Charly “The City Mouse” Fasano poeticizes at Prospero’s, 8/23

Every fourth Sunday of the month at Prospero’s Books on 39th Street, local poets gather in the store lobby to drink beer, spout poems and alternately encourage and heckle each other. Twenty-five-year-old Iris Applequist, of star tattoos and voluminous, rust-colored hair, welcomed me into the circle last night. That is, she invited me to take a seat and a PBR. I wasn’t there to read verses from the Buckle Bunny Chronicles. I was there to see the night’s featured poet Charly “The City Mouse” Fasano.
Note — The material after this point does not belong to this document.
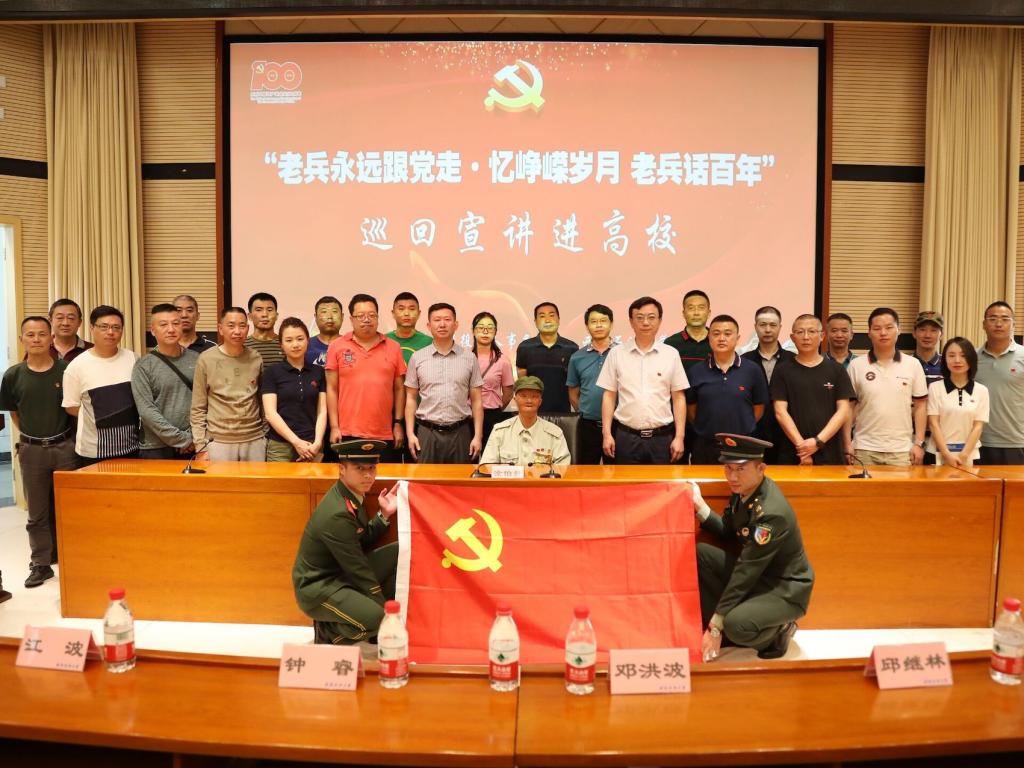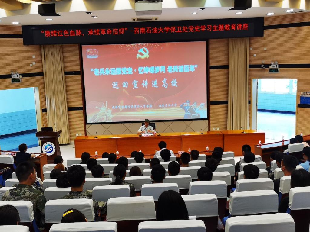 為學習革命前輩英雄事跡,弘揚初心為民、衷心向黨的革命精神,深入推動黨史學習教育,6月3日下午,校保衛處聯合新都區退役軍人事務局在思學樓A114會議室舉行“老兵永遠跟黨走?憶崢嶸歲月 老兵話百年”巡回宣講報告會暨“賡續紅色血脈,承繼革命信仰”西南石油大學保衛處黨史學習教育講座??姑涝蠎鹗俊⒁患墏麣堒娙?、全國模范退役軍人涂伯毅作主題報告。校保衛處處長鄧洪波、副處長江波,區退役軍人事務局雙擁優待科科長邱繼林,保衛處全體黨員以及校民兵預備役、大學征兵志愿服務大隊等學生組織骨干參加報告會。會議由區退役軍人事務局副局長鐘睿主持。

In recent weeks, Nick Spacek has talked up Fasano and the Fast Geek Reader, which includes some poems by musicians. Fasano’s own poems frequently reference musicians and the music scene. A Chicago resident for about a year, Fasano’s originally from Denver, where he worked the door at many a rock club, collecting fodder for pieces like “Doorman Math” and another poem about how awkward it can be to watch retro fashion get recycled in the bars.
In his poems, Fasano tends to come off as a sarcastic observer, wryly sizing up the characters of the world. Examples: a bum pissing in public near the L train; neighborhood yuppies with “smiles that go ding”; legions of douchebags, aka “Chads,” at a Memphis concert where Fasano was the opening act; a vain, unnamed Kansas City musician who wears misty contact lenses. Not all of Fasano’s poems concerned the music scene. He read a pissed-off letter to Dick Cheney and reflected on the role a porn store Coke machine played in the failure of a romance.
Unlike some of the other poets who read last night, Fasano avoided the theatrical and kept his delivery minimalist and conversational. Listening to him is like listening to one of your smartest, most interesting friends tell stories about the weird shit they’ve done (like a punk rock bowling fest in Vegas). Except Fasano doesn’t hem and haw. By nature of being poems, his stories focus on all the right details and wrap up before you’re ready.